● Work required:
Working from the data below, write out exactly the lines from its first through the line that contains "再配置撤退無し17審。一番最", both ends included and pictures omitted.

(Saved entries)

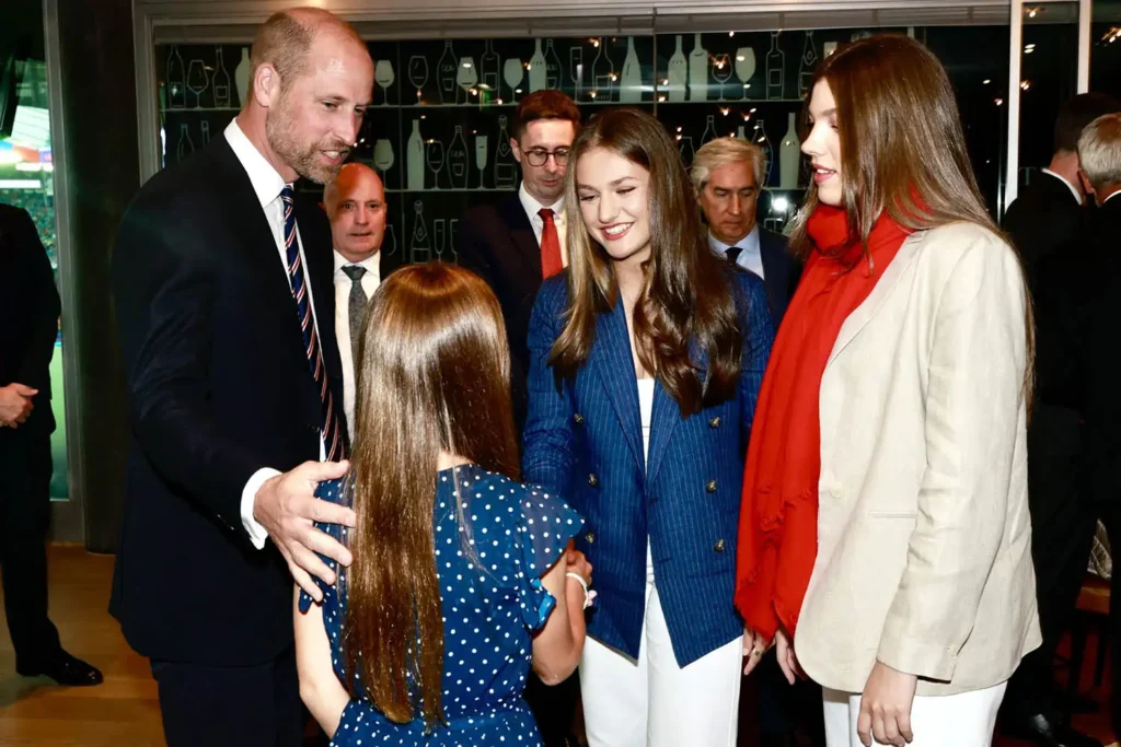 Prince William, attending in his official capacity as President of the Football Association, brought along his 10-year-old daughter, Princess Charlotte, who made her first public appearance at a Lionesses match. Prior to kick-off, the duo met Princess Leonor, 19, and Princess Sofia, 18 — the daughters of King Felipe VI and Queen Letizia of Spain.
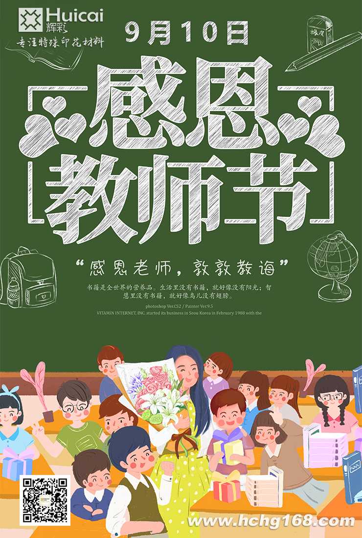 一支粉筆,兩袖微塵,三尺講臺,四季耕耘,這是教師的真實寫照。教師是辛勤的園丁,培育者祖國的花朵,“春蠶到死絲方盡,蠟炬成灰淚始干,”這是形容教師的高尚品德。在第37個教師節來臨之際,輝彩印花材料廠家攜全體員工祝老師們教師節快樂。
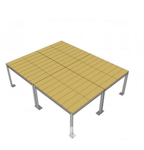 Usualmente la struttura di un soppalco si compone di una serie di pilastri fissati a terra, a sostegno di un impalcato superiore formato da travi principali e secondarie. Il piano di assito può essere di svariate tipologie, dalla lamiera con sovrastante getto in cls armato, alla doppia lamiera, al legno o altri materiali, in funzione dell'uso.
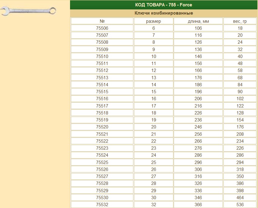 Ключ рожково-накидной 23мм. FORCE 12-гран.
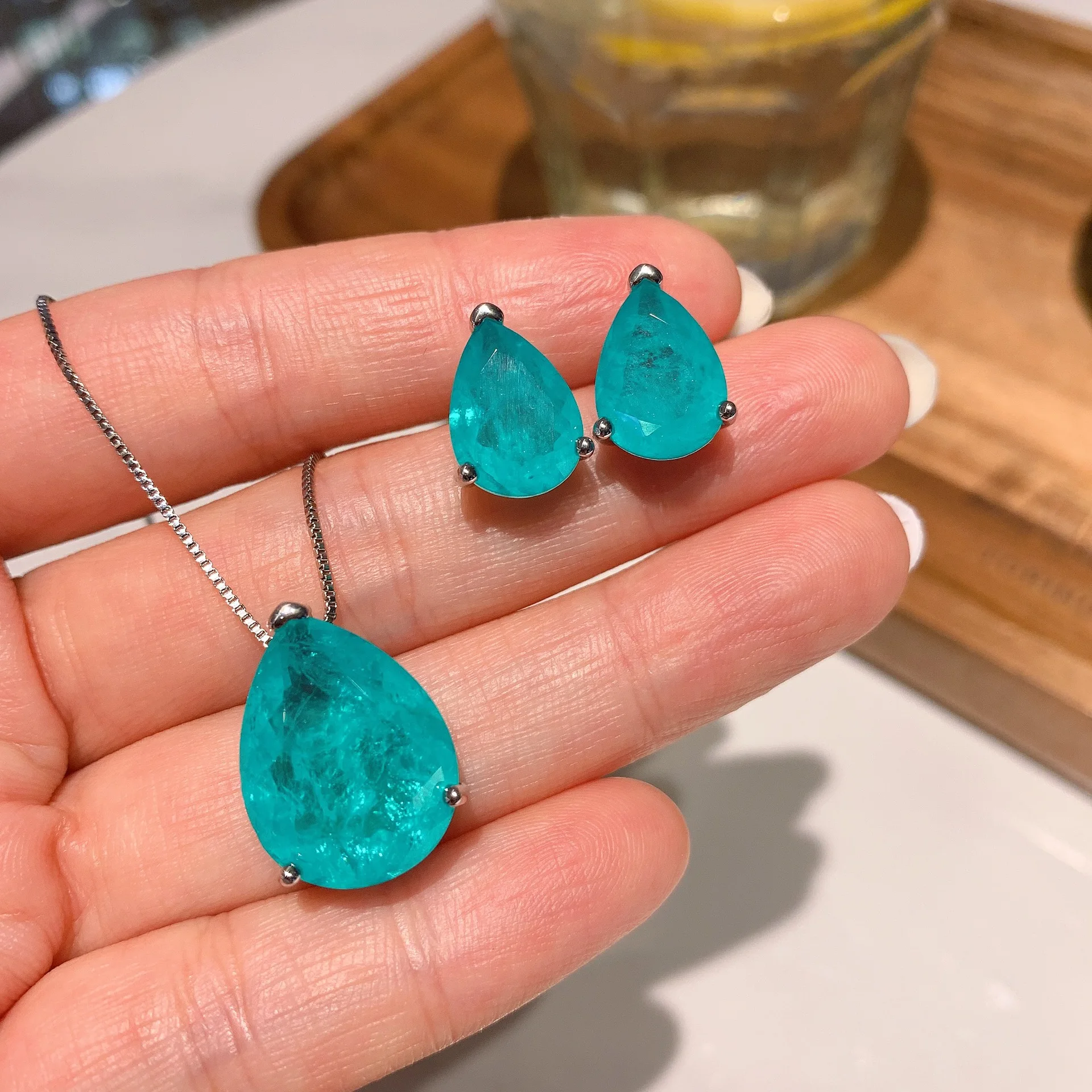 Green Emerald 925 Sterling Silver Jewelry set for Women Wedding Party Bracelet Earrings Necklace pendant Ring Birthday Gift | Украшения и
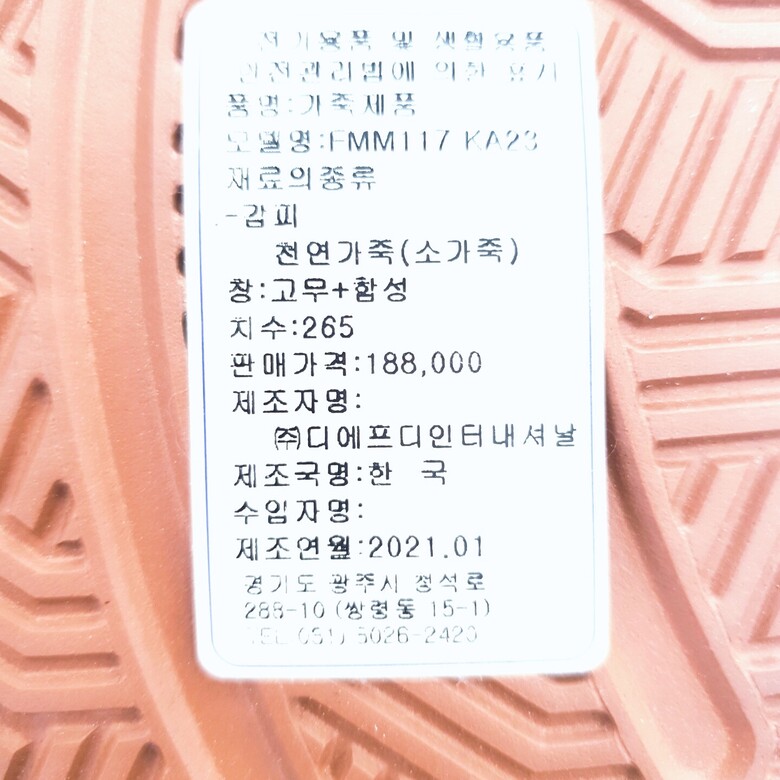 | 1. 제품 소재 (운동화인 경우에는 겉감, 안감을 구분하여 표시) | 소가죽 |
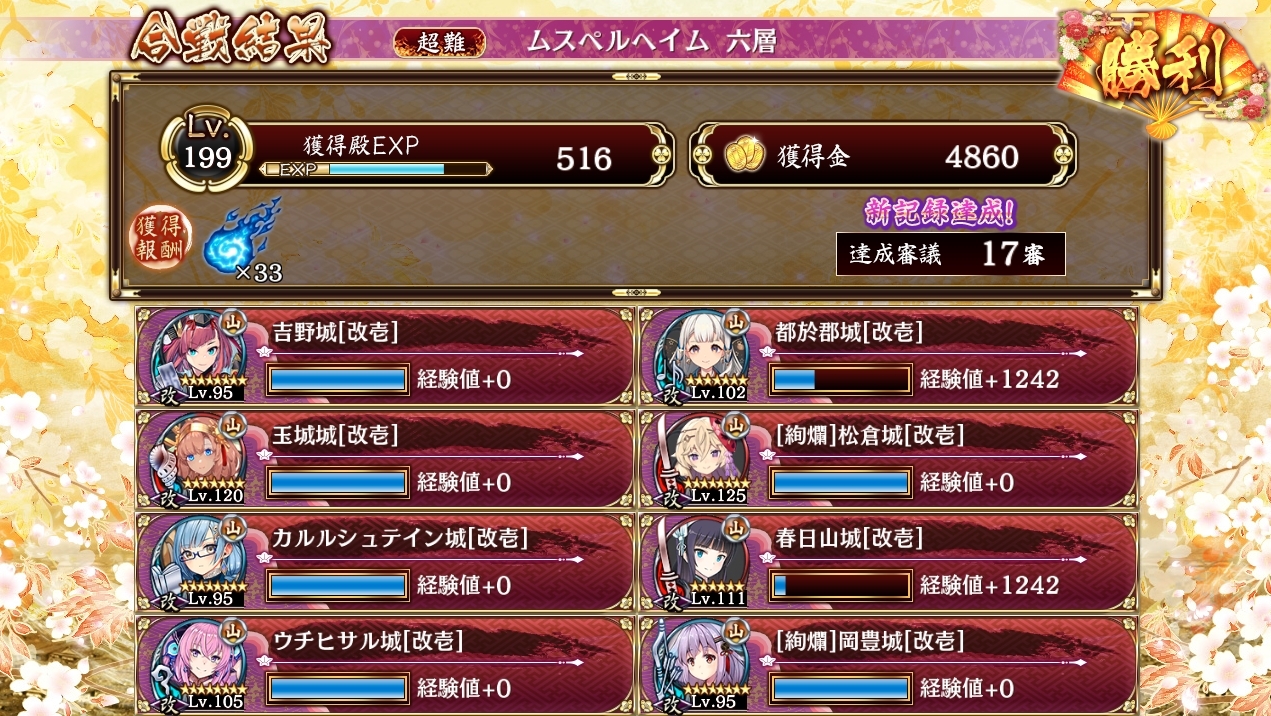 再配置撤退無し17審。一番最後に残ってたけど色々してたら7歌舞居ないけどなんとなかった。8吉野、16都於郡、13玉城、14春日山、17カルル、18絢爛松倉、11岡豊、20ウチヒサル。
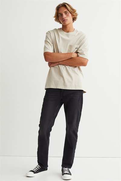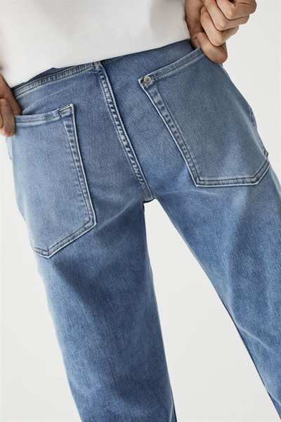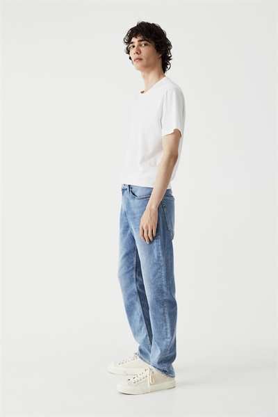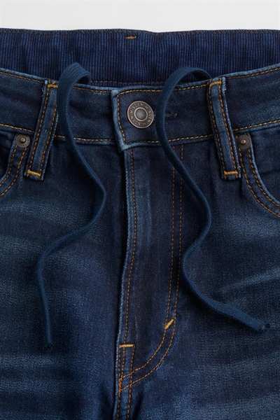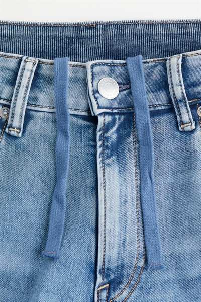 Джоггеры с пятью карманами из эластичного денима из смесового хлопка. Регулярная посадка, эластичный пояс со скрытой завязкой на кулиске и прямые штанины со свободой движений в области бедер и коленей. Молния и пуговица спереди. Гибридная технология Lycra® обеспечивает дополнительную мягкость и комфорт без ущерба для аутентичного вида джинсовой ткани.

● Output of the exercise:
 Prince William, attending in his official capacity as President of the Football Association, brought along his 10-year-old daughter, Princess Charlotte, who made her first public appearance at a Lionesses match. Prior to kick-off, the duo met Princess Leonor, 19, and Princess Sofia, 18 — the daughters of King Felipe VI and Queen Letizia of Spain.
 一支粉筆,兩袖微塵,三尺講臺,四季耕耘,這是教師的真實寫照。教師是辛勤的園丁,培育者祖國的花朵,“春蠶到死絲方盡,蠟炬成灰淚始干,”這是形容教師的高尚品德。在第37個教師節來臨之際,輝彩印花材料廠家攜全體員工祝老師們教師節快樂。
 Usualmente la struttura di un soppalco si compone di una serie di pilastri fissati a terra, a sostegno di un impalcato superiore formato da travi principali e secondarie. Il piano di assito può essere di svariate tipologie, dalla lamiera con sovrastante getto in cls armato, alla doppia lamiera, al legno o altri materiali, in funzione dell'uso.
 Ключ рожково-накидной 23мм. FORCE 12-гран.
 Green Emerald 925 Sterling Silver Jewelry set for Women Wedding Party Bracelet Earrings Necklace pendant Ring Birthday Gift | Украшения и
 | 1. 제품 소재 (운동화인 경우에는 겉감, 안감을 구분하여 표시) | 소가죽 |
 再配置撤退無し17審。一番最後に残ってたけど色々してたら7歌舞居ないけどなんとなかった。8吉野、16都於郡、13玉城、14春日山、17カルル、18絢爛松倉、11岡豊、20ウチヒサル。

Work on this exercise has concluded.